FIGURA 2 – Representação do esquema de CONTATO, sem orientação intrínseca, no qual se destaca uma base sobre a qual se apoia um objeto.

Esses são alguns dos esquemas imagéticos relacionados à semântica da preposição em. Enquanto sua adequação a esses usos e na descrição de outras preposições é incontroversa entre semanticistas cognitivos, existe certa dificuldade em determinar critérios para o emprego do termo imagético (GRADY, 2005). Certos padrões motores, de dor, de emoção, de relações etc., nem sempre permitem a criação de imagens mentais. Johnson (1987. p. 23, e ao longo dessa obra) utiliza o termo amplo – esquema –, sem especificação, para se referir a esquemas ‘imagéticos’ ou ‘corporificados’, o que é razoável em face de sua clara posição a respeito da base corpórea dos mesmos.

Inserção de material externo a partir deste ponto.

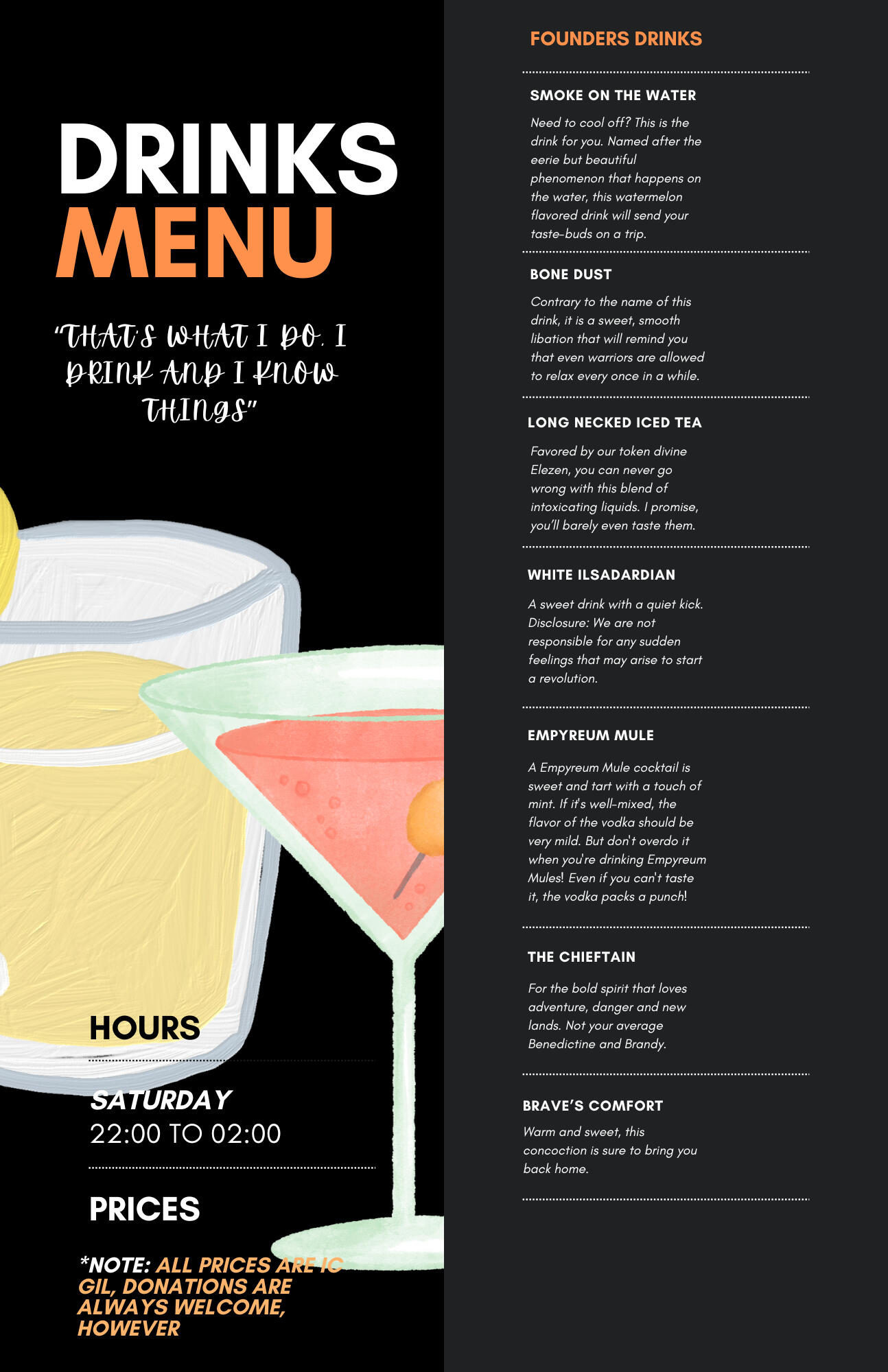 7. This venue is intended for entertainment and RP purposes. This does NOT include anything that is considered beyond PG13. If you are romantically involved with someone, by all means! Flirt away! But please respect the fact this is still a public venue and will not tolerate anything that can be misconstrued as 'sexual activity'. There are plenty other venues throughout Eorzea that can accommodate this type of RPing. Failure to respect this rule will result in a warning to keep it to /tells. Further failure will have you removed and banned.

Nesta tese, o termo “esquema” também é aplicado àqueles imagéticos ou não.

Ressalva-se, porém, que a noção de ‘localização’ não constitui um conceito imagético nos termos descritos acima. Vandeloise (1991), por exemplo, a considera uma relação funcional, tendo em vista que o ser humano naturalmente busca localizar uma entidade em relação a outra. Em suma, a ‘localização’ pode ser considerada um esquema mais abstrato que se realiza imageticamente quando associado a outros elementos, constituindo, assim, instâncias mais específicas, com posição própria na rede esquemática de polissemia da preposição em.